To sort the elements of each group but keep the group-specific positions in the dataframe, we need to keep track of the original row numbers. For instance, the following will do the trick:
# First, create an indicator for the original row-number:
df["ind"] = range(len(df))
# Now, sort the dataframe as before
df_sorted = df.sort_values(["group", "values"])
# sort the original row-numbers within each group
newindex = df.groupby("group").apply(lambda x: x.sort_values(["ind"]))["ind"].values
# assign the sorted row-numbers to the sorted dataframe
df_sorted["ind"] = newindex
# Sort based on the row-numbers:
sorted_asc = df_sorted.sort_values("ind")
# compare the resulting order of values with your desired output:
np.array(sorted_asc["values"])
# array([1, 2, 3, 4, 5, 1, 7, 5, 9])
This is easier to test and profile when written up in a function, so let's do that:
def sort_my_frame(frame, groupcol = "group", valcol = "values", asc = True):
frame["ind"] = range(len(frame))
frame_sorted = frame.sort_values([groupcol, valcol], ascending = [True, asc])

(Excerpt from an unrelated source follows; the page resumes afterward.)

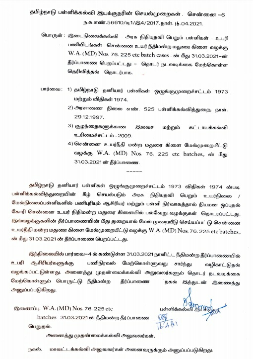 தமிழ்நாடு தனியார் பள்ளிகள் ஒழுங்குமுறை சட்டம் 1973 விதிகள் 1974 இன் படி பள்ளிக் கல்வித்துறையின் கீழ் செயல்படும் அரசு நிதியுதவி பெறும் உயர்நிலை மேல்நிலைப்பள்ளிகளில் பணிபுரியும் ஆசிரியர் மற்றும் பள்ளி நிர்வாகத்தால் நியமனம் கோரி சென்னை உயர் நீதிமன்ற மதுரை கிளையில் பல்வேறு வழக்குகள் தொடரப்பட்டது இவ்வழக்கின் தீர்ப்பை எதிர்த்து மேல்முறையீடு செய்யப்பட்டு சென்னை உயர் நீதிமன்ற மதுரைக் கிளை மேல்முறையீட்டு வழக்கு தீர்ப்பு இந்நிலையில் பார்வை நாளின் கண்டுள்ள 31-03-2021 நாளிட்ட நீதிமன்ற தீர்ப்பை உபரி ஆசிரியர்களுக்கு பணிநிரவல் மேற்கொள்வது சார்ந்து வழிகாட்டுதல் வழங்கப்பட்டுள்ளது அனைத்து முதன்மை கல்வி அலுவலர்களுக்கும் தொடர் நடவடிக்கை மேற்கொள்ளும் பொருட்டு நீதிமன்ற தீர்ப்பின் நகல் இத்துடன் இணைத்து அனுப்பப்படுகிறது.

ind_sorted = frame.groupby(groupcol).apply(lambda x: x.sort_values(["ind"]))["ind"].values
frame_sorted["ind"] = ind_sorted
frame_sorted = frame_sorted.sort_values(["ind"])
return(frame_sorted.drop(columns = "ind"))
np.array(sort_my_frame(df, "group", "values", asc = True)["values"])
# array([1, 2, 3, 4, 5, 1, 7, 5, 9])
np.array(sort_my_frame(df, "group", "values", asc = False)["values"])
# array([3, 7, 1, 5, 4, 9, 2, 5, 1])
Note that the latter results match your desired outcome.
I am sure this can be written up in a more succinct way. For instance, if the index of your dataframe
is already ordered, you can use that one instead of the indicator ind
I create (i.e., following @DJK's comment, we can use sort_index
instead of sort_values
and avoid assigning an additional column). In any case, the above highlights one possible solution and how to approach it. An alternative would be to use your numpy
functions and wrap the output around a pd.DataFrame
.
Upvotes: 5
Reputation: 1131
Pandas is built on top of numpy. Assuming a dataframe like so:
df
Out[21]:
group values
0 3 3
1 2 2
2 3 1
3 2 7
4 2 4
5 1 5
6 2 5
7 1 9
8 1 1
Call your function.
groupwise_sort(df.group.values, df['values'].values)
Out[22]: array([1, 2, 3, 4, 5, 1, 7, 5, 9])
groupwise_sort(df.group.values, df['values'].values, reverse=True)
Out[23]: array([3, 7, 1, 5, 4, 9, 2, 5, 1])
Upvotes: 1